• Work item:
With the pictures removed, write out the data below exactly.

• Supplied material:
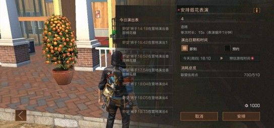 玩家可以考虑播放烟花和设置不同的烟花,这里设置是需要技巧的,不会的就燃放初始的烟花即可。玩家可以在这里设置不同的表演,也可以选择不同的时间燃放,如果是有活动,这个时候燃放是更好的,可以和营地的玩家一起看。
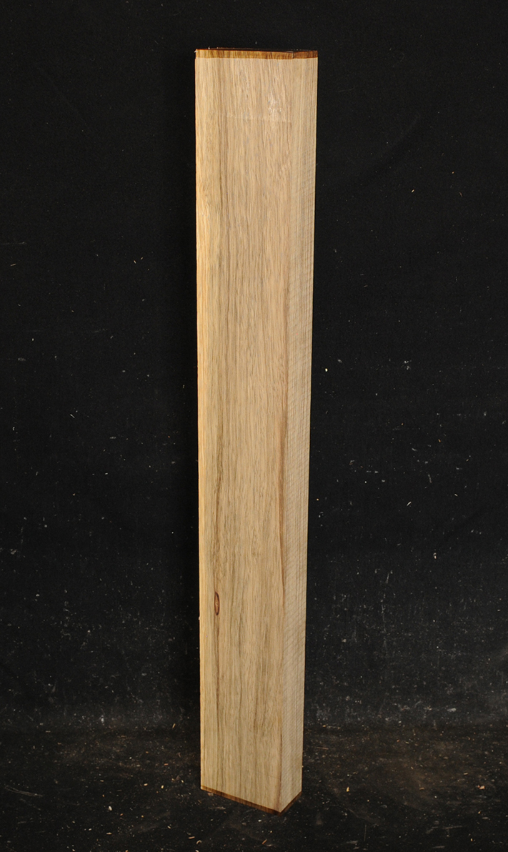 The heartwood is white or cream to light brown or reddish brown. Because of the generally small size of available logs, most sawmills produce flatsawn boards which will show a broken curl on the surface and a fiddleback curl on the quartersawn edge. Hard and heavy, 45 lbs/cu ft. Easy to work and takes a smooth polish. U.S.A.
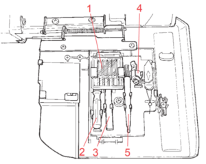 Alasiepparin langoituksen helpotin työntää langan automaattisesti paikoilleen sieppariin.
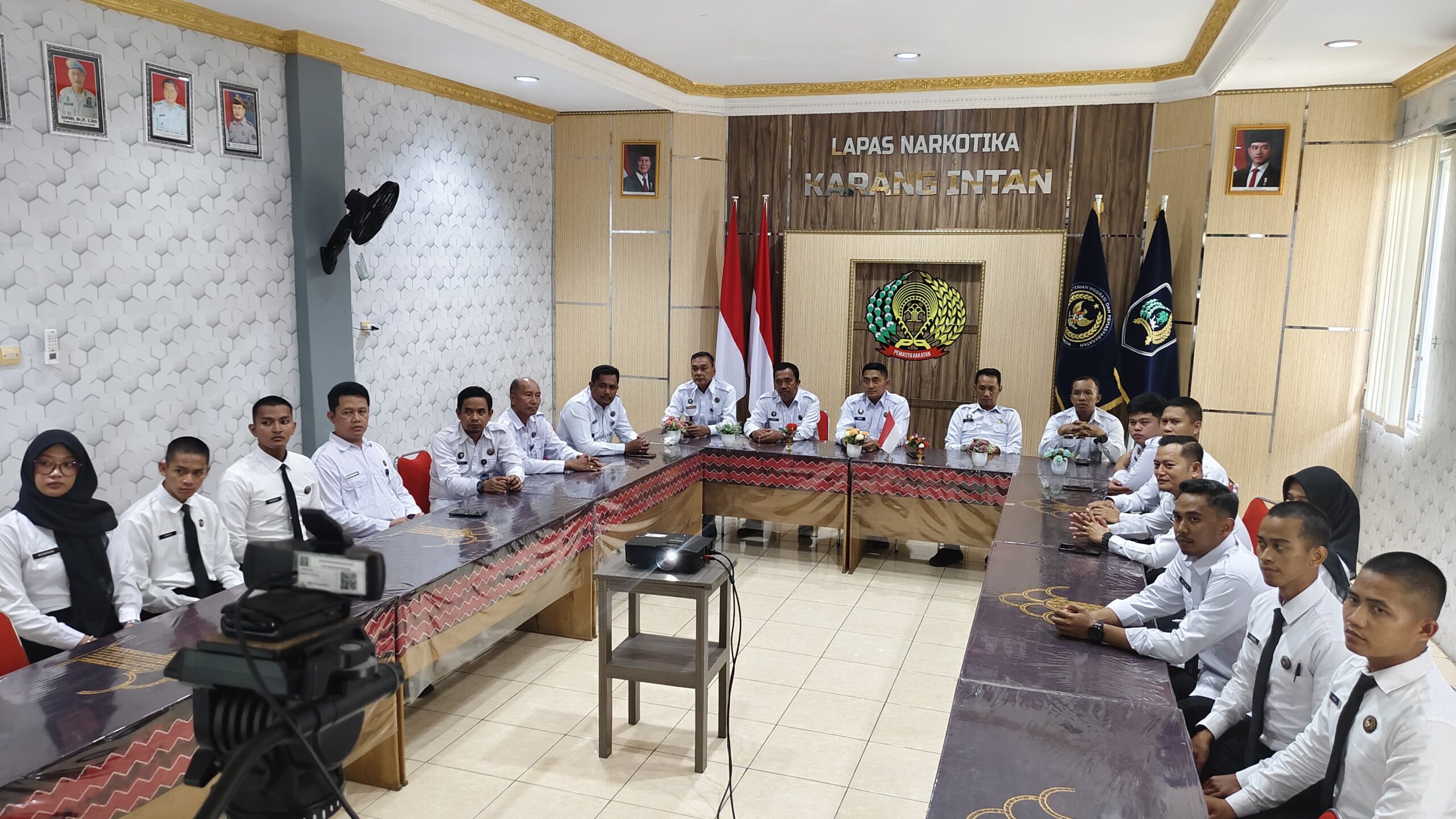 Jajaran Lembaga Pemasyarakatan (Lapas) Narkotika Kelas IIA Karang Intan mengikuti pengarahan Direktur Jenderal Pemasyarakatan, Mashudi, secara virtual pada Senin (14/7) dari Aula Lapas. Kegiatan ini bertujuan memperkuat pelaksanaan tugas pemasyarakatan serta menyelaraskan arah kebijakan nasional dengan satuan kerja di daerah.

• Task answer:
 玩家可以考虑播放烟花和设置不同的烟花,这里设置是需要技巧的,不会的就燃放初始的烟花即可。玩家可以在这里设置不同的表演,也可以选择不同的时间燃放,如果是有活动,这个时候燃放是更好的,可以和营地的玩家一起看。
 The heartwood is white or cream to light brown or reddish brown. Because of the generally small size of available logs, most sawmills produce flatsawn boards which will show a broken curl on the surface and a fiddleback curl on the quartersawn edge. Hard and heavy, 45 lbs/cu ft. Easy to work and takes a smooth polish. U.S.A.
 Alasiepparin langoituksen helpotin työntää langan automaattisesti paikoilleen sieppariin.
 Jajaran Lembaga Pemasyarakatan (Lapas) Narkotika Kelas IIA Karang Intan mengikuti pengarahan Direktur Jenderal Pemasyarakatan, Mashudi, secara virtual pada Senin (14/7) dari Aula Lapas. Kegiatan ini bertujuan memperkuat pelaksanaan tugas pemasyarakatan serta menyelaraskan arah kebijakan nasional dengan satuan kerja di daerah.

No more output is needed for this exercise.